SEC Warns on Penny Stocks, Compliance Programs
Broker-dealer firms have another warning from the SEC to do better with AML compliance and suspicious activity reporting, and particularly to do better with customers’ trading in penny stocks and acting on known red flags with that type of transaction.
The message came from the SEC’s Division of Examinations, which published its latest risk alert for broker-dealers and other financial firms on Monday. Risk alerts aren’t formal guidance per se, but they do dissect certain common mistakes that regulatory examiners see when reviewing firms’ compliance programs. Compliance officers are then supposed to read between the lines and understand that the SEC is telling us where it wants to see improvement, before regulatory examiners get all up in your face next time.
The Risk Alert grouped its observations into two categories: anti-money laundering policies, procedures, and internal controls; and suspicious activity reporting. Let’s take a look at each in turn.
AML Compliance Concerns
First the SEC walked through several examples of poorly designed policies, procedures, and controls for suspicious activity. Among the examples:
- Some firms omitted red flags from their policies and procedures to help identify activity that might need further due diligence. Along similar lines, other firms didn’t tailor the red flags they did include, to address the risks associated with their customers’ typical transactions. For example, if your clients usually trade in penny stocks, your red flags should be tailored to help detect pump-and-dump schemes.
- Some firms with large volumes of daily trading didn’t establish automated systems to monitor and report suspicious activity associated with trading in large volumes. Instead, those firms relied on a manual review of trading, and didn’t establish procedures or controls designed to identify suspicious patterns across multiple accounts.
- Where firms did incorporate penny stock transactions into their automated monitoring, some firms set their alerting thresholds too low. For example, they set their threshold at trading prices below $1, when regulators actually consider penny stocks to be any security trading below $5.
- Some firms set suspicious activity reporting thresholds higher than the $5,000 threshold specified in the SAR rule, so they missed any suspicious activity happening between $5,000 and whatever higher number they did set.

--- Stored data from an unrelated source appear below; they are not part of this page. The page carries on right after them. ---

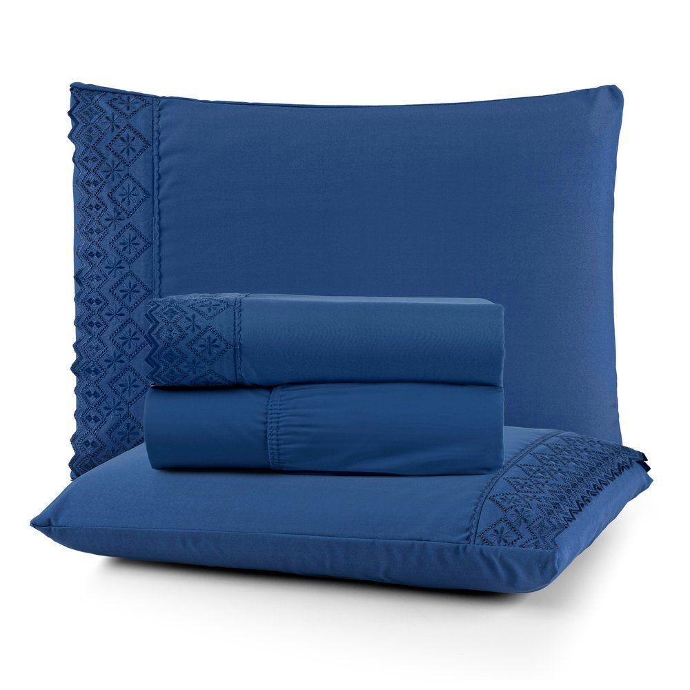 Jogo De Cama Nobless Casal Padrão 04 Peças 100% Poliéster - Azul GalaxiaConheça o Jogo de Cama Nobless e deixe seu quarto mais aconchegante, produto com toque macio e conta com detalhe em bordado inglês que é um charme a parte!Produto De Excelente Qualidade.Produto composto por:01 Lençol de Cima 2,50m x 2,25m01 Lençol de Baixo c/ elástico na volta toda p/ colchão de 1,88m x 1,38cm x 30cm alt.02 Fronhas 70cm x 50cmTecido: Micropercal 200 fios com detalhe em bordado inglês nas fronhas e no lençol de cimaComposição: Tecido superior e inferior: 100% Poliéster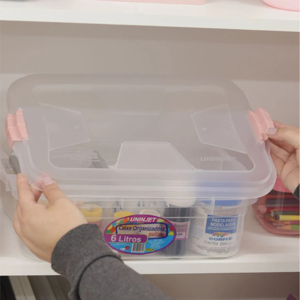 Kit com 2, 3, 4, 5 e 6 Caixa Organizadora Transparente 6 Litros Com tampa e Travas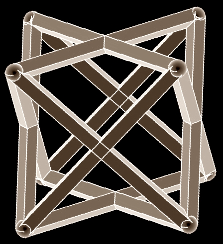 - Two compound cubes. One rotated 45o away from the other at two directions.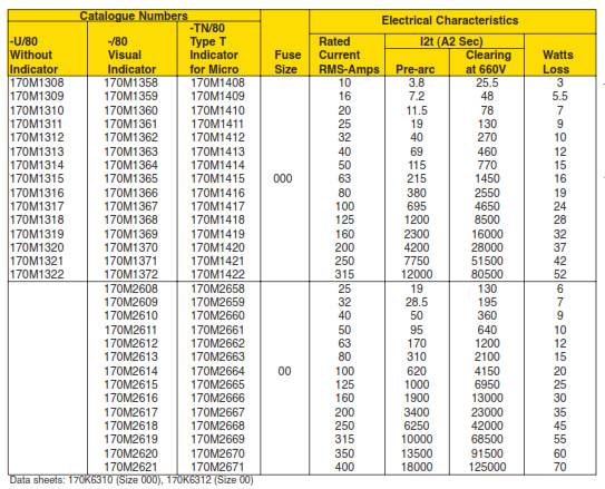 Dual-element, time-delay fuse – 10 seconds (minimum) at 500% rated amps (8 seconds for 0-30A sizes). Available with indication on select ratings (see Catalog Numbers table).

Notice the recurring themes here. The SEC stresses that firms must actually think about their policies and procedures, and tailor those things to your specific customers and operations. Slapping generic red flags into your compliance program won’t cut it; nor will relying on manual review. You need to design policies and procedures that are, ya know, relevant to your business.
SEC examiners also faulted numerous firms that did have suitably designed policies and procedures, but then failed to implement them. For example, some firms didn’t file suspicious activity reports (SARs) on transactions that were identical in nature to prior transactions where the firm had filed SARs. Other firms failed to follow up on red flags that their monitoring systems had detected; or processed trades on certain ultra-low penny stocks, despite having policies against such transactions.
All in all, these issues are nothing we haven’t heard before from the SEC Division of Examinations. If anything, this latest risk alert just demonstrates how persistent these compliance issues are — or, alas, the lethargic attitude about compliance that some firms persistently take.
Issues With Suspicious Activity Reporting
The second half of the risk alert then discussed the consequences of those weak policies and procedures. Namely, firms weren’t performing the appropriate due diligence on hinky transactions that did cross their desks; and consequently, firms weren’t filing suspicious activity reports in a timely or appropriate manner either.
The alert listed several red flags that SEC examiners have warned about previously, where firms were still not following up even when they had clear evidence that those issues were present in their customer base. For example:
- Large deposits of low-priced securities, followed by nearly immediate liquidations of those securities and then wiring out the proceeds.
- Patterns of trading activity common to several customers, such as those customers selling large quantities of multiple penny stocks at the same time.
- Trading in thinly traded penny stocks that resulted in sudden spikes in price or that represented most (if not all) of the stocks’ daily trading volumes.
- Trading in the stock of issuers that were shell companies or had been subject to trading suspensions or whose affiliates, officers, or other insiders had a history of securities law violations.
And within the suspicious activity reports themselves, examiners noted lots of times where a firm did know details that should have been included in the SAR, but the firm omitted those details anyway; or firms that filed SARs that didn’t use the standard data fields in the SAR form properly.
“As a result, [examiners] observed firms who each filed hundreds of SARs or more containing the same generic boilerplate language,” the SEC said in the alert, “which failed to make clear the true nature of the suspicious activity and the securities involved — rendering the SAR less valuable to law enforcement and regulators trying to understand the activity and its criminal or regulatory implications.”
Translated: plenty of firms were mailing in the bare minimum with SARs, rendering the information next to useless for the cops.
So those are some of the sore points for SEC examiners these days. Broker-dealers and other firms subject to examinations might want to consider these issues, the exam priorities for 2021 — and then put your nose back to the grindstone, arguing (yet again) in favor of building a robust compliance program.